ACTION ITEM = Your task is to transcribe all of the data below exactly, omitting the images.

INFORMATION PROVIDED =
-------------------------
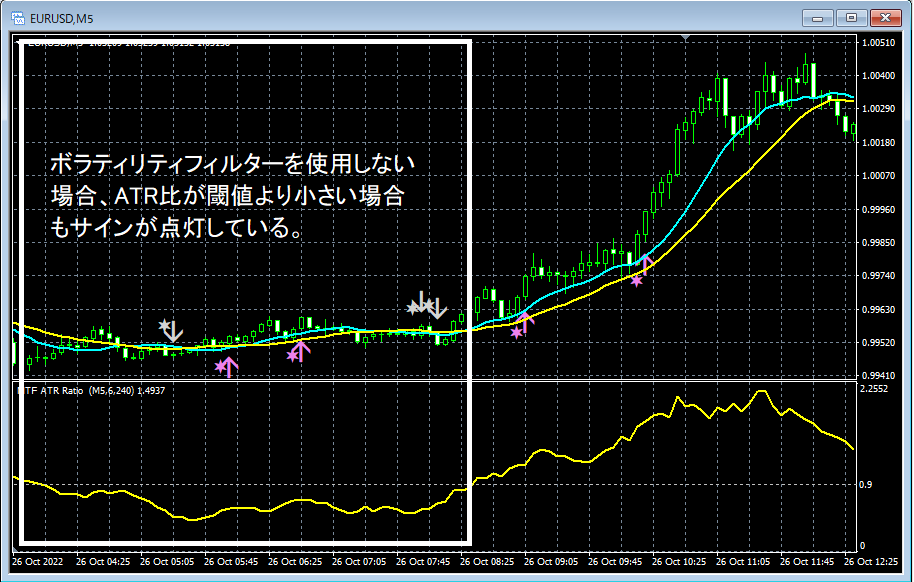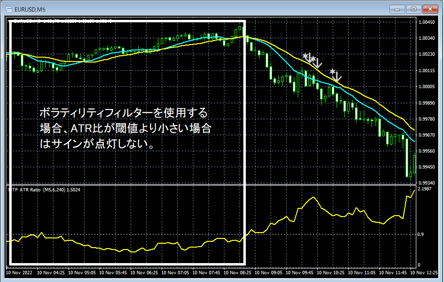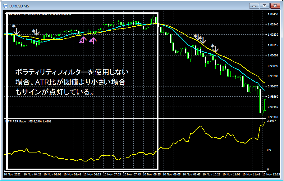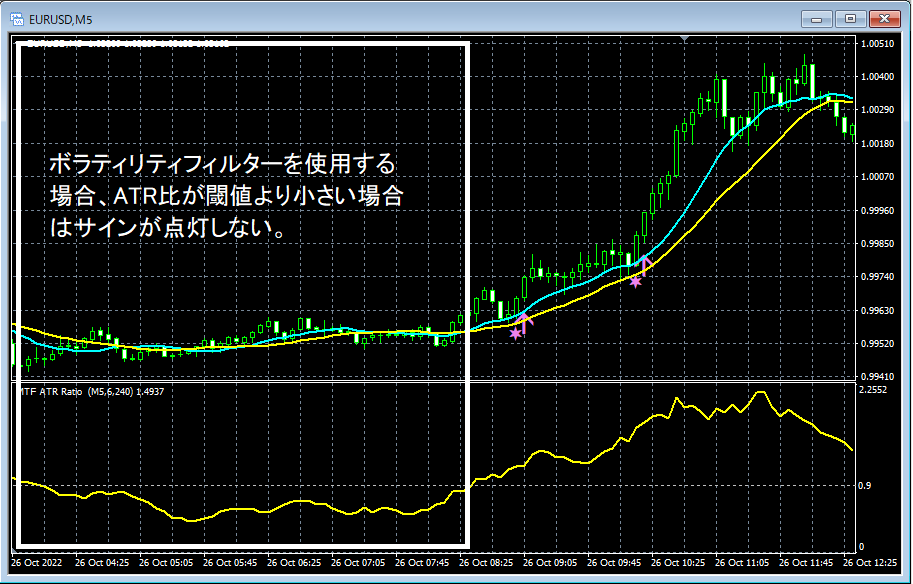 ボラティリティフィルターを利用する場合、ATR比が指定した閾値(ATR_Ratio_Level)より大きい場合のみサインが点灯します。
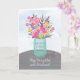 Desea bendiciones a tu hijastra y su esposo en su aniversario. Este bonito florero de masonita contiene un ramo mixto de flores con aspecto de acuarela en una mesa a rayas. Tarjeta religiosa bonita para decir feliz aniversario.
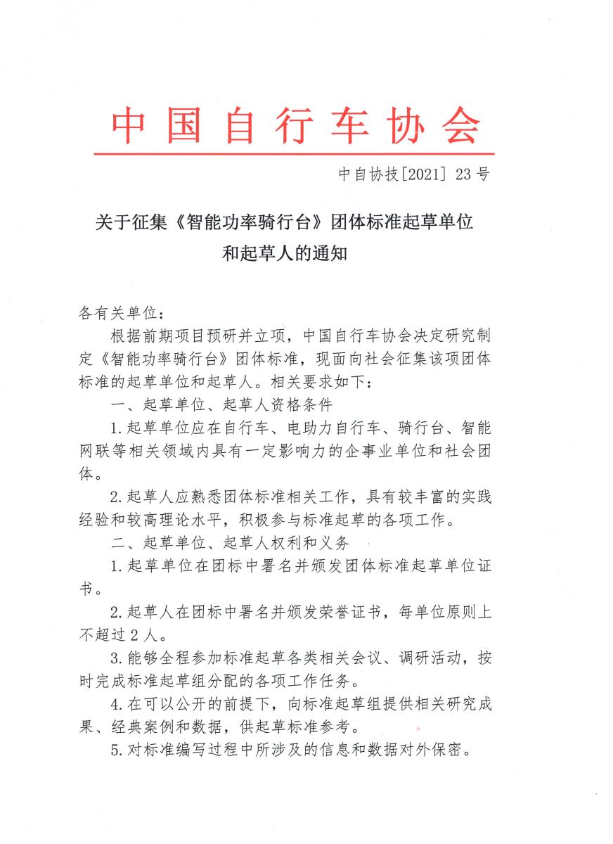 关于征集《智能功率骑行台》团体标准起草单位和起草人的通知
-------------------------
COMPLETED TASK =
 ボラティリティフィルターを利用する場合、ATR比が指定した閾値(ATR_Ratio_Level)より大きい場合のみサインが点灯します。
 Desea bendiciones a tu hijastra y su esposo en su aniversario. Este bonito florero de masonita contiene un ramo mixto de flores con aspecto de acuarela en una mesa a rayas. Tarjeta religiosa bonita para decir feliz aniversario.
 关于征集《智能功率骑行台》团体标准起草单位和起草人的通知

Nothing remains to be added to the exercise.